Rome (AsiaNews) – "The Chinese market is strategic because it offers a potential audience of more than a billion people. We should not also forget other Asia countries like Japan, Indonesia, Malaysia and the Philippines," this according to well-known Italian actor Giorgio Pasotti, who started his film career right in China.

Not yet twenty-something, Pasotti moved to the China to better learn wushu martial arts in Chinese Buddhist tradition. Hired by a Hong Kong movie producer, he made his film debut in former British colony. Popular Chinese movies, Giorgio Pasotti explains, are rooted in martial traditions. According to him, "Chinese movies typically range from martial arts to whodunit but they always revolve around fights." But "now producers are trying to improve their quality in order to export them the way Italy was able to sell Italian-style romantic comedies and spaghetti-westerns".

Bruce Lee is an iconic figure in kung-fu movies. Will we see an invasion of Lee-like wannabes?

Bruce Lee was one of a kind. He was so unique that he created his own movie genre that marked an era. Things are different today. There are very few personalities à la Lee. I can only think of one: Li Lian Jie. My point is that a new movie genre tied to martial arts is emerging. Even someone like Zhang Yimou, who does not normally shoot format movies, has tried to incorporate elements of this new martial arts genre adapting them to his sensibilities. And here, I am referring to Hero, a movie, I must admit, that has great qualities with breathtaking shots.

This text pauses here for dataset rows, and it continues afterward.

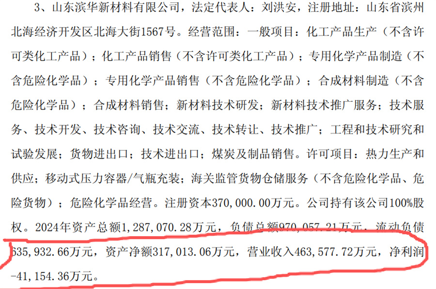 在股权融资不顺畅情况下,滨华新能源依靠负债推动项目建设,据滨化股份披露的2025年预计担保事项的公告,滨华新材料截至2024年底的资产负债率为75.38%。2024年,该公司营收为46.36亿元,净利润为-4.12亿元。截至2024年底,该公司总资产为128.71亿元,净资产为31.7亿元,其净资产已经低于37亿注册资本。
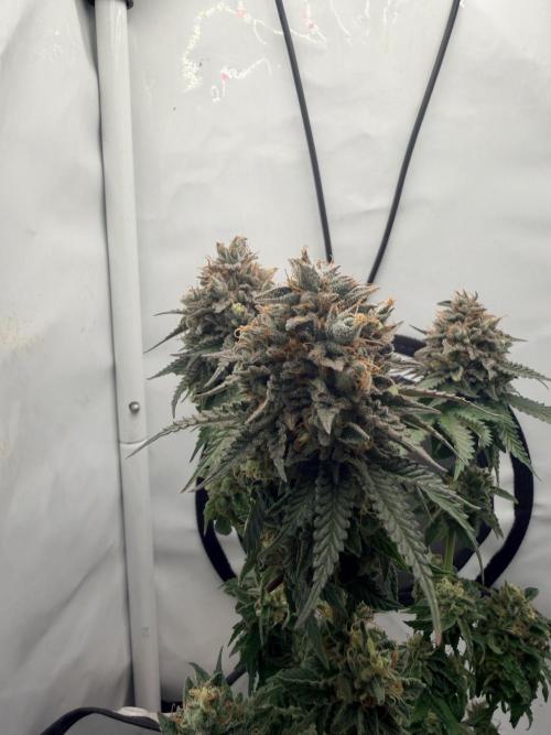 During weeks nine and ten, the plant entered the final and most intense stage of flowering. Buds continued to swell and gain density, while the aroma became distinctly richer and more complex, filling the grow area with sweet floral notes. All parameters were kept stable, and the regime with Plagron Green Sensation and bloom nutrients continued, supporting maximum resin and terpene production for the final push.
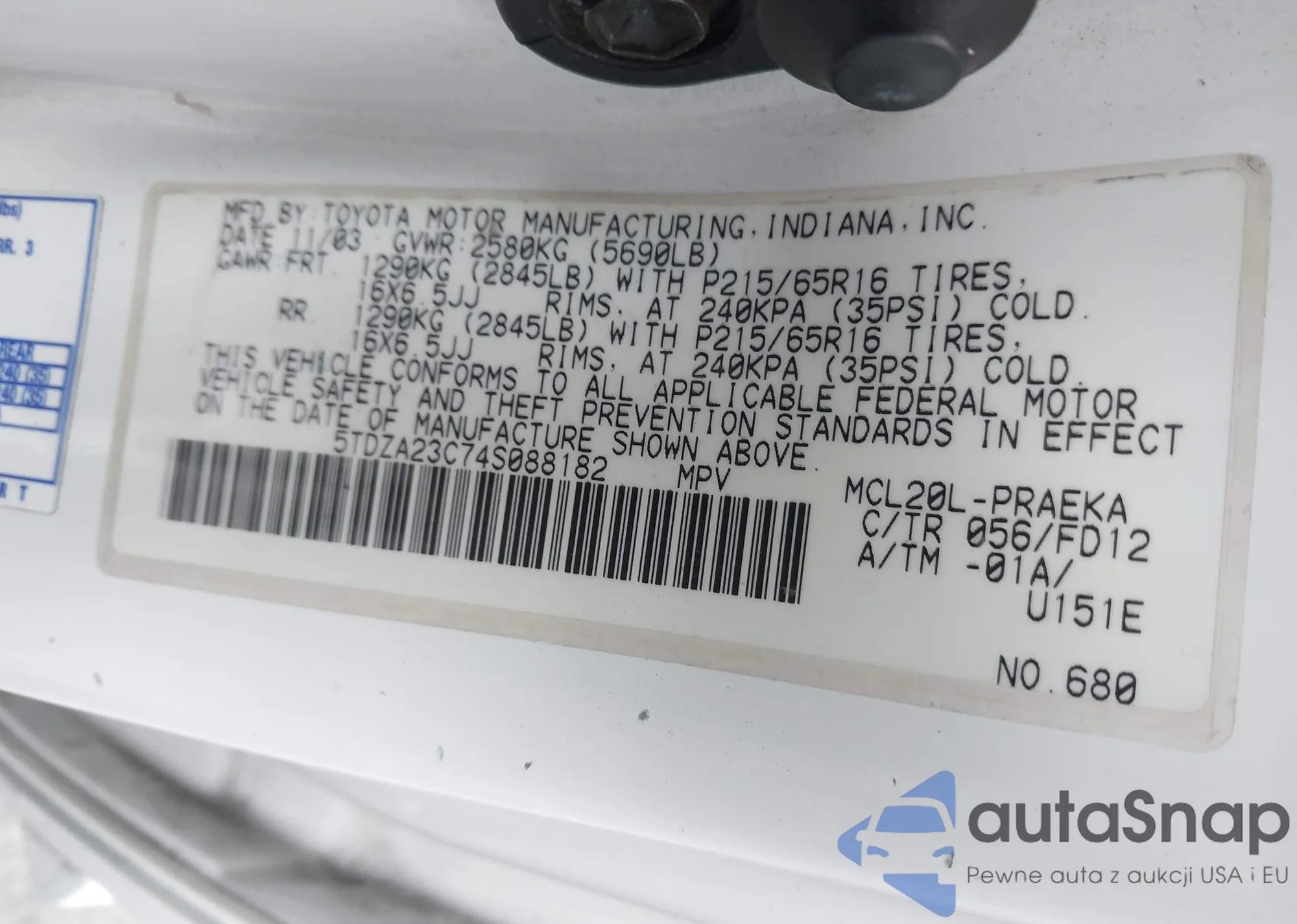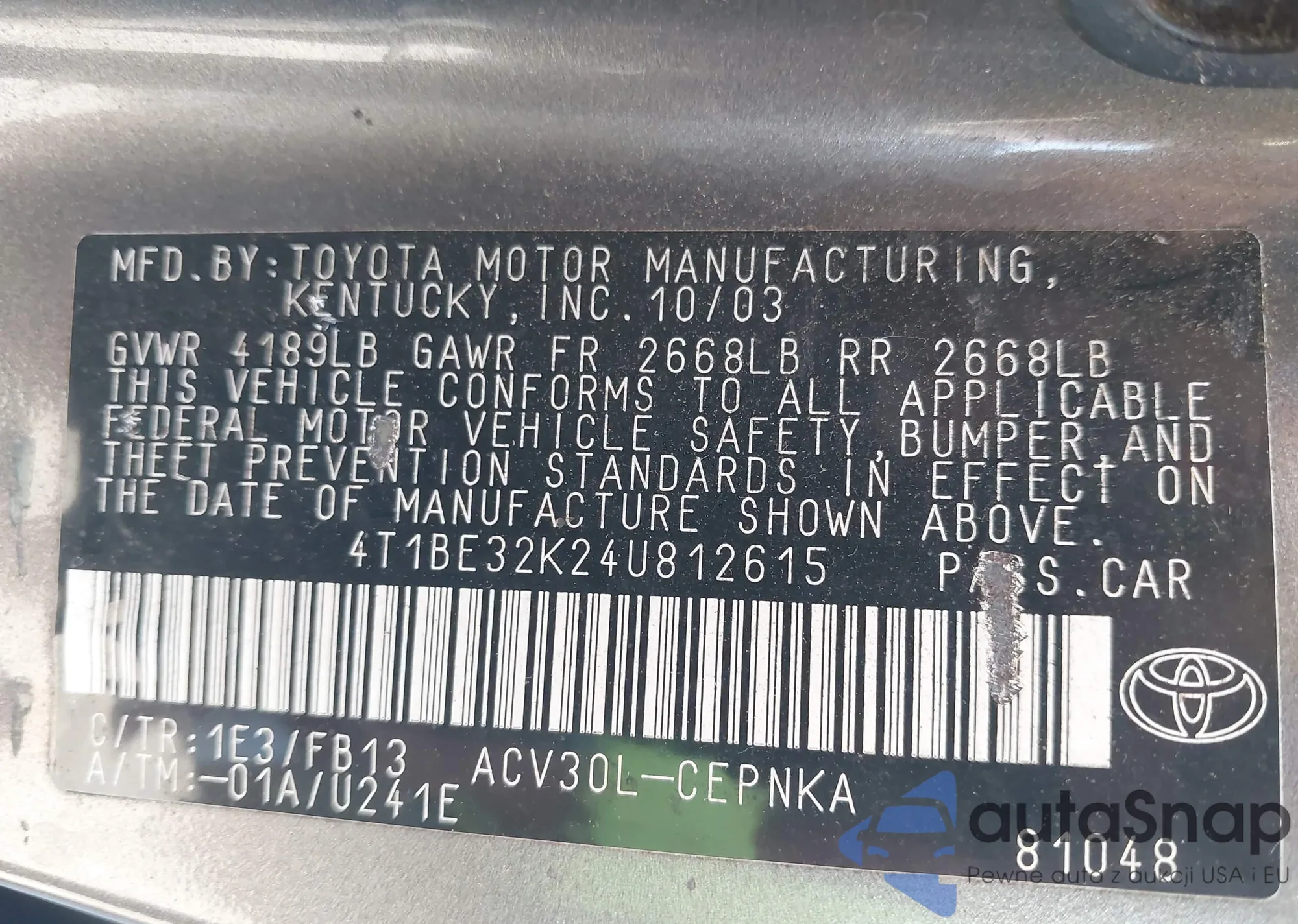 • VIN 4T1BE32K24U812615

Do the Chinese like movies?

They love European movies. Oriental philosophy is fascinating because it is deep, tied to nature and yet naive. In this sense, Chinese culture has always welcomed the most commercially-oriented Western productions. Still, the Chinese love their own movies, their own film traditions above all.

As an actor you got your feet wet for the first time in China. What are your memories of that experience?

Oh, it was great! Try to imagine a 20-year-old lad who is suddenly making martial arts movies in China. Those first moments were awesome and fun. I went through them like a sleepwalker, not knowing what I really wanted to do or what I would become. At that time, I didn't think that making movies would become a career. It was almost like playing some wonderfully fascinating game.

What is the relationship between actor and spectator?

First of all, let us be clear, when we talk about Chinese movies we mean those with the 'Made in Hong Kong" label. That's where movies are made, where the most prestigious productions are shot. The Hong Kong star system is like that of the West because Hong Kong is steeped in western culture and symbols. It is a reality completely different from the vast countryside of Mainland China.